Immer wieder bemerke ich, wie eilig es die Menschen um mich herum haben. Geduld scheint ein Fremdwort zu sein in der heutigen Zeit, auch in der Apotheke. Entschleunigung, achtsamer leben oder einen Gang zurückschalten werden als Schlüssel für ein gesundes und bewusstes Leben propagiert – zu Recht. Manchmal denke ich, Kunden könnten diesem Trend ruhig mal folgen, und mich nicht unter Druck setzen. Die Nachtdienstgedanken.

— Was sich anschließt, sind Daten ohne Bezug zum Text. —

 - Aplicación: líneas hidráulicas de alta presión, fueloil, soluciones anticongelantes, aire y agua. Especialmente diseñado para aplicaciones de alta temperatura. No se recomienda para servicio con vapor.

Ein Apfelbaum wächst nicht in drei Tagen, sagt ein deutsches Sprichwort, und auch Rom ist nicht an einem Tag erbaut worden. Beim Thema Geduld mag das alles stimmen und richtig sein, aber wenn der Kunde in die Apotheke kommt, hat das alles keine Bedeutung mehr – zumindest bei manchen Menschen. Zeit ist kostbar heutzutage, deshalb sollten alle Informationen gefälligst immer parat und alle Arzneimittel immer vorrätig sein. Bestellen und später abholen? „Nie haben Sie was da!”, heißt es dann. Ich verstehe den Kunden, wenn er alles sofort mitnehmen will. Häufig ist es aber im Apothekenalltag nicht anders machbar, insbesondere wenn es sich um eine kleine Apotheke handelt. Alle Rabattverträge aller Krankenkassen sind einfach nicht zu berücksichtigen.

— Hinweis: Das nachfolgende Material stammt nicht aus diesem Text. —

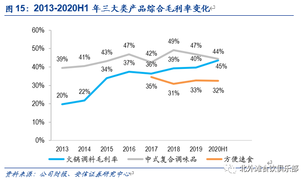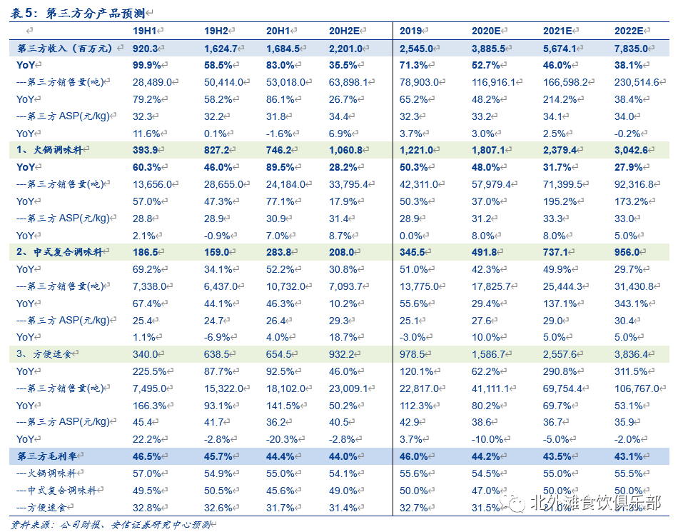 同时安信证券估计第三方毛利率20H2同比下滑至44%,次要由于低毛利率冲泡系列和小暖锅占比添加,2020全年第三方毛利率下滑至44。2%,2021和2022年第三方毛利率为43。5%和43。1%。安信证券估计暖锅调味料第三方毛利率2020/2021/2022年别离为54。5%/55%/55。5%,中式复合调味料第三方毛利率2020/2021/2022年别离为47%/50%/50%,便利速食第三方毛利率2020/2021/2022年别离为31。5%/31%/31。5%。

Vorgestern kam ein Mann herein, er hatte mehrere Privatrezepte in der Hand. „Guten Tag!”, sagte ich freundlich und lächelte ihn an. „Hallo! Bitteschön.” Er reichte mir die drei Verordnungen und ergänzte: „Ich hoffe, sie haben alles da!” „Ich schau mal”, sagte ich. Ich warf einen Blick auf jedes einzelne Rezept, bei dem je drei verschiedene Mittel verordnet wurden. Auf dem ersten Rezept standen Ramipril 5 mg, 100 Stück, Candesartan 16 mg, 100 Stück und Pantoprazol 40 mg, 100 Stück.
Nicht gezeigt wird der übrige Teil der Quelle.